Damit hat sich die Umsatzverteilung der einzelnen Bereiche im Vorjahresvergleich nur wenig verändert. Der Anteil des Bereichs Decorative Products ist um 0,7 Prozentpunkte auf 75,8 % gestiegen, während der von Flooring Products in vergleichbarem Umfang auf 12,6 % zurückgegangen ist. Der Umsatzanteil von Building Products blieb mit 11,6 % unverändert. Nach Vertriebsregionen wurden in Zentral-/Osteuropa, Russland und Übersee überproportionale Zuwächse erreicht, so dass deren Anteil am Gesamtumsatz im Vorjahresvergleich leicht gestiegen ist. Die Regionen Süd-/Westeuropa und Mittel-/Südeuropa haben sich ähnlich wie das Gesamtunternehmen entwickelt. Der Umsatzanteil der größten Vertriebsregion Nord-/Westeuropa ist um 1,6 Prozentpunkte zurückgegangen; Großbritannien und Irland haben 1,3 Prozentpunkte eingebüßt.

Die Ergebniszahlen sind im Gesamtunternehmen noch stärker gestiegen als die Umsätze, was sich nach der rückläufigen Entwicklung im Vorjahr auch wieder in einer deutlichen Margenverbesserung niedergeschlagen hat. Diese Verbesserung wurde allerdings ausschließlich im Bereich Decorative Products erreicht. Das EBITDA ist dort um 29,0 % auf 197,9 Mio € gestiegen. In den Bereichen Flooring Products und Building Products haben weiterhin bestehende Überkapazitäten und deutliche Kostensteigerungen in den Bereich Holz und Chemie dagegen zu Ergebniseinbußen geführt. Das EBITDA des Bereichs Flooring Products ist m 43,8 % auf 9,9 Mio € zurückgegangen, für Building Products wurde ein Rückgang von 21,1 % auf 14,7 Mio € ausgewiesen. Die gegenläufige Entwicklung in den drei Bereichen hat im Gesamtunternehmen noch eine EBITDA-Steigerung um 17,4 % auf 222,5 Mio € zugelassen. Die EBITDA-Marge hat sich damit von 15,9 % auf 16,8 % erhöht.

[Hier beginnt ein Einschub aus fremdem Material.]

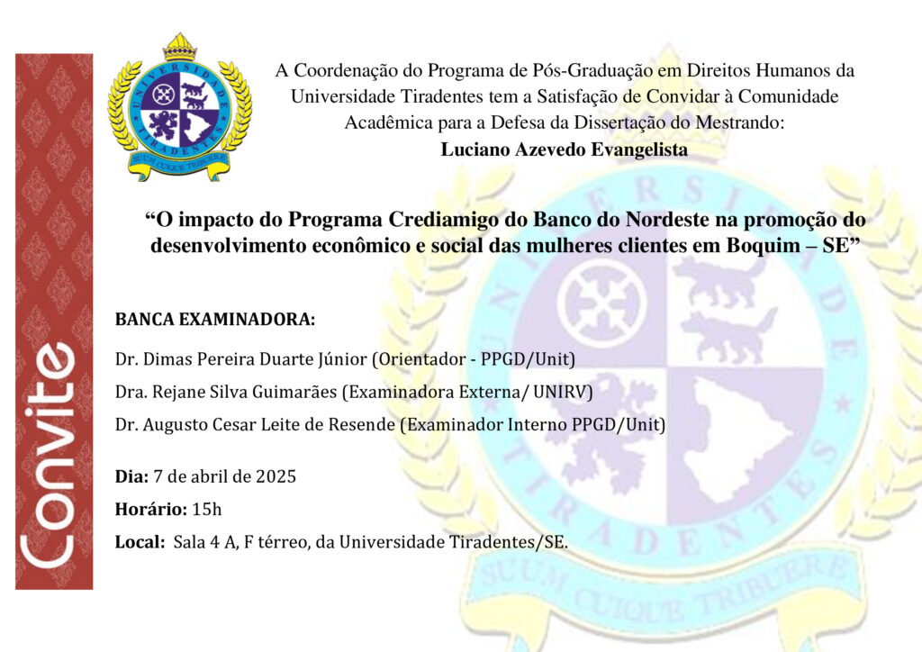 A Coordenação do Programa de Mestrado e Doutorado em Direitos Humanos da Universidade Tiradentes/SE tem a satisfação de convidar a comunidade acadêmica para a defesa da dissertação do mestrando Luciano Azevedo Evangelista, a realizar-se em 07 de maio de 2025, às 15h, na sala 4-A, bloco F do campus Farolândia.

Die nachfolgenden Ergebniszahlen sind noch stärker gestiegen. Das Gruppen-EBIT hat um die Hälfte auf 126,8 Mio € zugelegt. Das Vorsteuerergebnis ist in ähnlichem Umfang auf 104,9 Mi € gestiegen. Das Ergebnis nach Steuern hat sich um fast zwei Drittel auf 84,3 Mio € erhöht.